Despite facing a significant shortage of its famous and in-demand diabetes and weight-loss drugs globally, collaborations, Dawber told Mint, will be the extent of Novo’s operations in India as it already has “strategic production sites across the globe for manufacturing”.
“The Indian set-up is the crown jewel of Novo Nordisk. We have been doing contract manufacturing here per our quality guidance, licence, etc. And so, we would like to expand that kind of collaboration,” he said.
“We have gradually been increasing the functions performed in Bangaluru, and now we are doing all sorts of global work here, clinical data management, supply chain management, etc. So, I believe we would like to continue working on elevating this work,” he added.
Novo is happy collaborating for now
The company has been finding it difficult to meet the ever-increasing demand for its GLP-1 products or obesity and diabetes drugs. In order to meet the short-term gap between demand and supply, it plans to expand manufacturing capacities at its existing production sites rather than setting up a new manufacturing hub.
Novo, though, will continue to collaborate with local manufacturers in India with a possibility of collaborating for Novo’s in-demand drugs as well. “I think it’s possible that we might collaborate for GLP-1 products with Indian manufacturers, but that’s out of the scope of my role, as it’s very much a global operation, and the decision is for the headquarters to make,” Dawber said.
The company’s operation in these strategic production sites is hugely dependent on its Indian centre, which has grown from a service centre to a full-service home over the years. The company has strategic production sites in Denmark, France, Brazil, China, and the US. The supply chain organization for these sites is managed in Bengaluru.
The company, therefore, plans to add 1,300 new job roles to its centre in India by 2026, with plans to onboard 700 new hires by the end of this year. Novo currently has a shade over 4,000 employees in India.

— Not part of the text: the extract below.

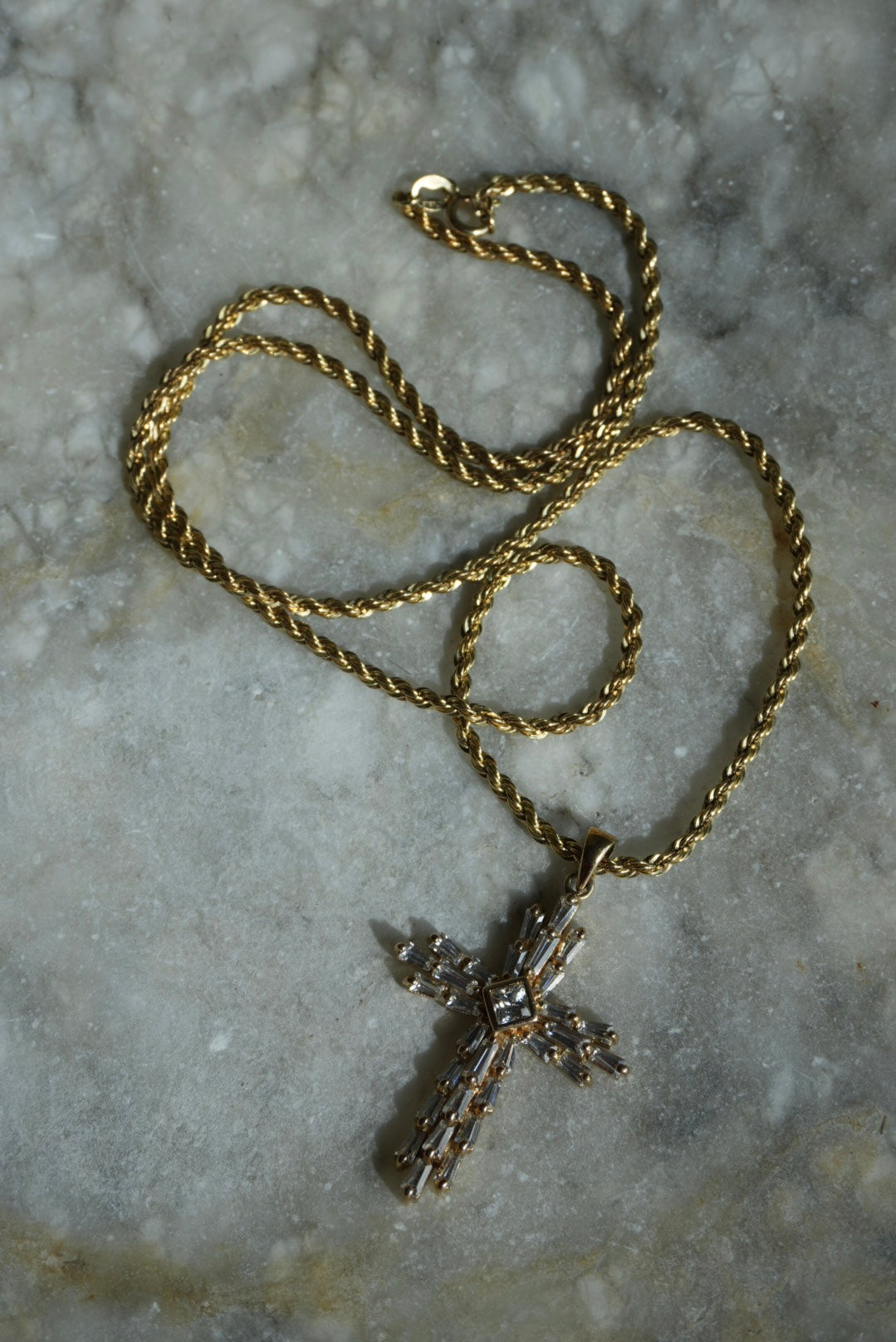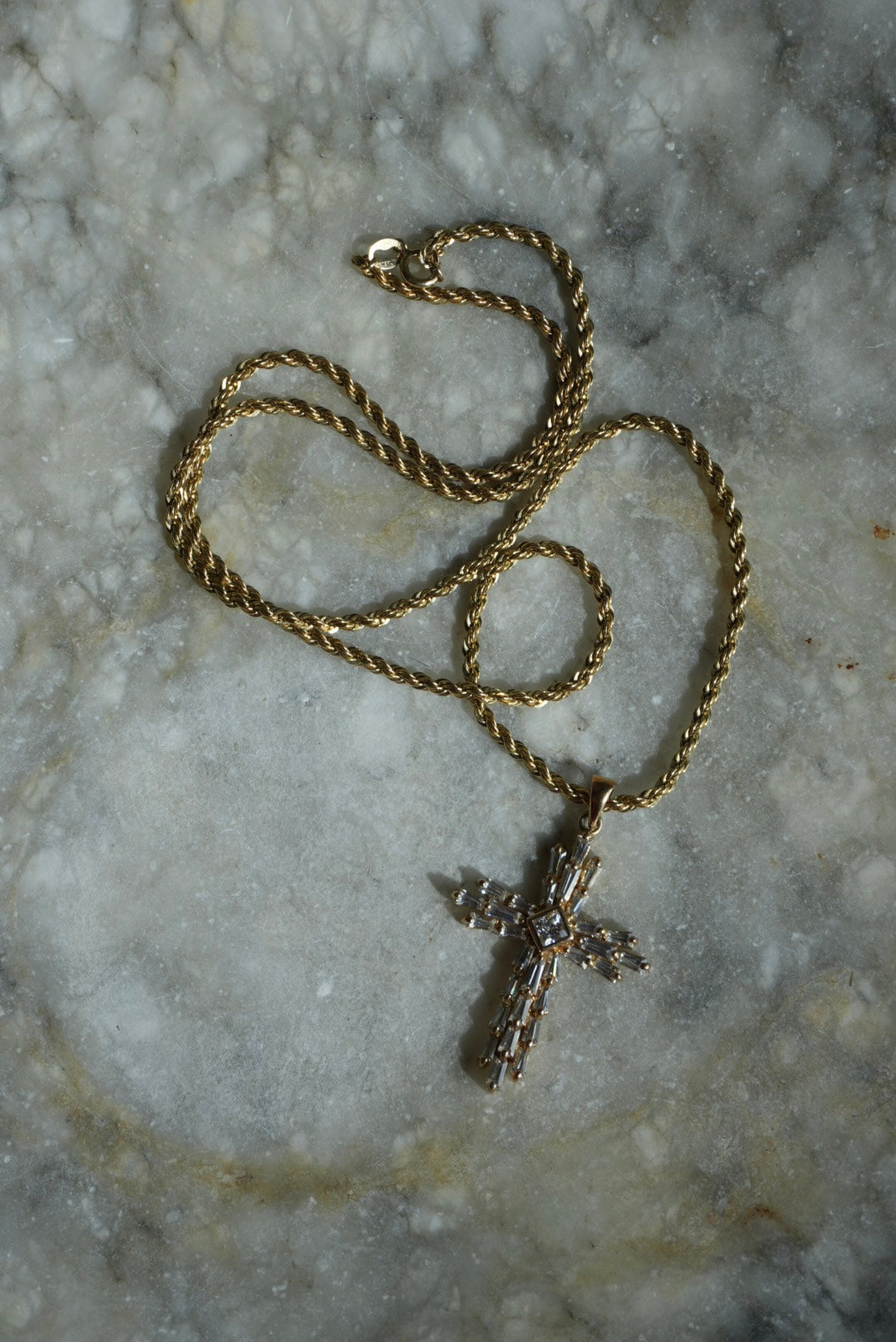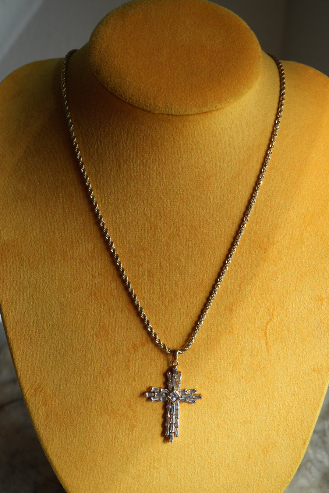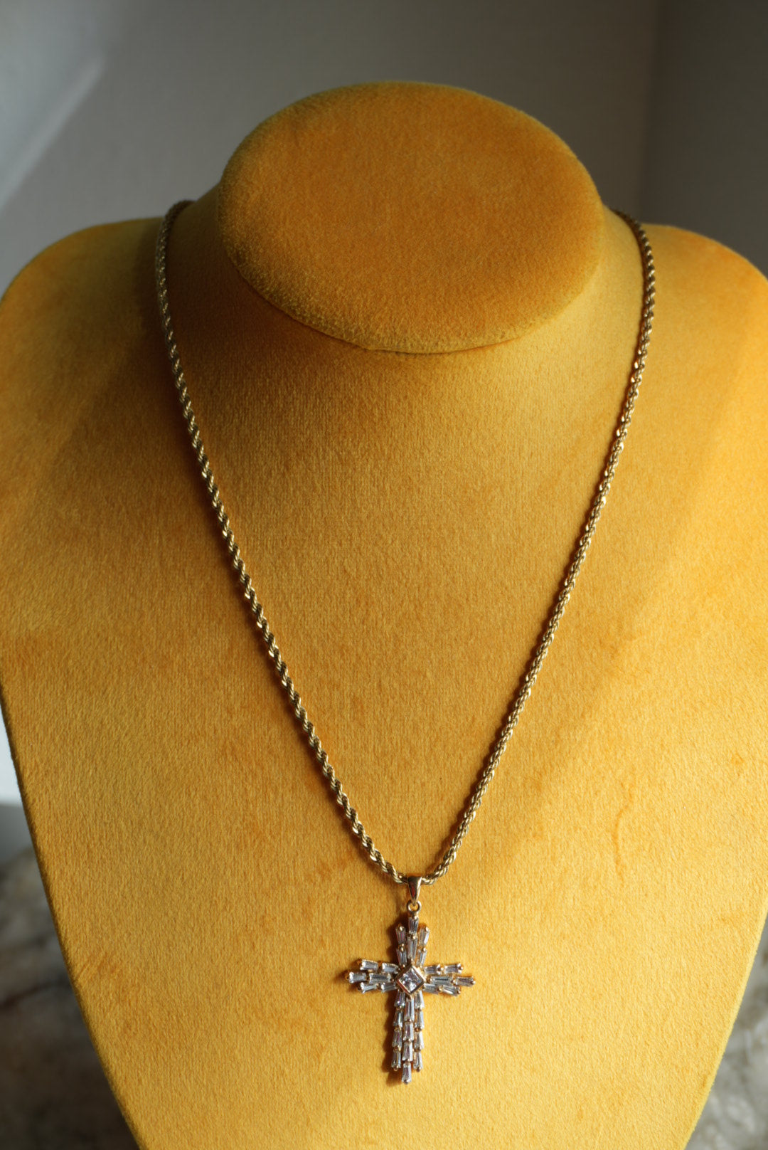 20” vermeil rope chain with vermeil cross with glass stones. 1.5” tall cross

The hiring, Dawber disclosed, will span across functions, including doctors, pharmacists, researchers, statisticians, commercial experts, marketers, analysts, finance and accountants, IT engineers and architects.
MNCs prefer GCC route Â
Over the past few years, Global Capability Centres (GCC) have emerged as the lynchpin for growth and innovation across various sectors. India, in particular, has become a leading destination for establishing GCCs, mainly because of cheaper talent and conducive government policies.
A GCC, or a Global In-House Center (GIC), is an offshore unit set up by a multinational corporation (MNC) to provide services to its parent organization.
India boasts over 1,600 GCCs and a workforce of over 1.66 million. According to an October 2023 PwC report, India is poised to have 2,100 GCCs by 2028, with the market size of the centres touching $90 billion.
In the March quarter of 2023-24 alone, India saw 10 new GCCs, with 60% covering engineering, research and development (ER&D), IT services and business process management, according to a KPMG and Nasscom report released in May.
Furthermore, healthcare and pharma GCCs have witnessed an increased partnership with startups and academia to access newer technologies.
According to India’s Economic Survey 2023-24, GCCs are projected to contribute approximately 3.5% to India’s gross domestic product (GDP) by 2030, with revenues expected to reach around $121 billion. Notably, the presence of global leaders in GCCs in India has surged to over 5,000 from just 115 in 2015, reflecting a broader trend across various business functions.